Benjamin Keen (1913–2002) was an American historian specializing in the history of colonial Latin America.

Keen received his PhD from Yale and taught at Amherst College, West Virginia University, and Jersey State College before joining Northern Illinois University in 1965. He retired in 1981. In 1985 he received the Distinguished Service Award of the Conference on Latin American History.

His first work was Latin American Civilization: History and Society: 1492 to the Present, first published in 1955 and appearing in its seventh edition in 2000. Another textbook published in six editions was his A History of Latin America. In Aztec Image in Western Thought he documents how Western intellectuals have changed their views of the Aztec culture since the first years of conquest and until modern times. He also examined how Western historiography have interpreted Christopher Columbus and Bartolomé de Las Casas since the fifteenth century. He also published translations of the chronicle of the 16th-century Spanish judge Alonso de Zorita in Life and Labor in Ancient Mexico: The Brief and Summary Relation of the Lords of New Spain and of Fernando Columbus’ The Life of the Admiral Christopher Columbus.

He was also known as a debater of historiography, and participated in a famous exchange with historian Lewis Hanke beginning in the late 1960s where he accused the latter of having gone too far in his debunking of the Spanish Black Legend - the historiographic tradition exaggerating the cruelty of the Spanish Colonial empire - and instead having participated in the creation of a White Legend.

Keen was married to Betty from 1937 to her death in 1996. The couple raised four children. He died on November 1, 2002, in Santa Fe, New Mexico.

==Selected works==
- David Curtis DeForest and the Revolution. New Haven: Yale University Press, 1947.
- Readings in Latin American Civilization: 1492 to the Present. Boston: Houghton Mifflin, 1955.
- “The Black Legend Revisited: Assumptions and Realities,” Hispanic American Historical Review 49, no. 4 (Nov. 1969): 703–19.
- “The White Legend Revisited: A Reply to Professor Hanke’s ‘Modest Proposal,’” Hispanic American Historical Review 51, no. 2 (May 1971): 336–55.
- The Aztec Image in Western Thought. New Brunswick: Rutgers Univ. Press, 1971.
- With Juan Friede. Bartolomé de Las Casas in History: Toward an Understanding of the Man and His Work.
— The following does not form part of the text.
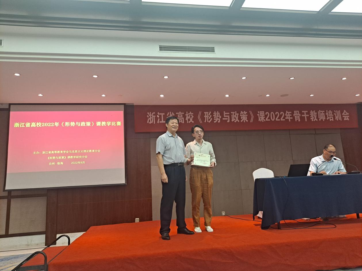 教师参加2022年浙江省高校《形势与政策》课程暑期备课会。本次会议由浙江省高校《形势与政策》课教学研究会、教育部全国高校思政课“手拉手”集体备课中心(浙江大学—浙江省)主办、中宣部《时事报告》杂志社协办。

DeKalb: Northern Illinois Univ. Press, 1971.
- “The Legacy of Bartolomé de Las Casas,” Ibero-Americana Pragensia 11 (1977): 57–67.
- With Mark Wasserman. A Short History of Latin America. Boston: Houghton Mifflin, 1980.
- “Main Currents in United States Writings on Colonial Spanish America, 1884–1984,” Hispanic American Historical Review 65, no. 4 (Nov. 1985): 657– 82.
- Essays in the Intellectual History of Colonial Latin America. Boulder, Colo.: Westview Press, 1998.
- With Keith Haynes. A History of Latin America. Boston: Houghton Mifflin, 1999 (sixth ed.).
- Latin American Civilization: History and Society, 1492 to the Present. Boulder, Colo.: Westview Press, 2000 (seventh rev. ed.).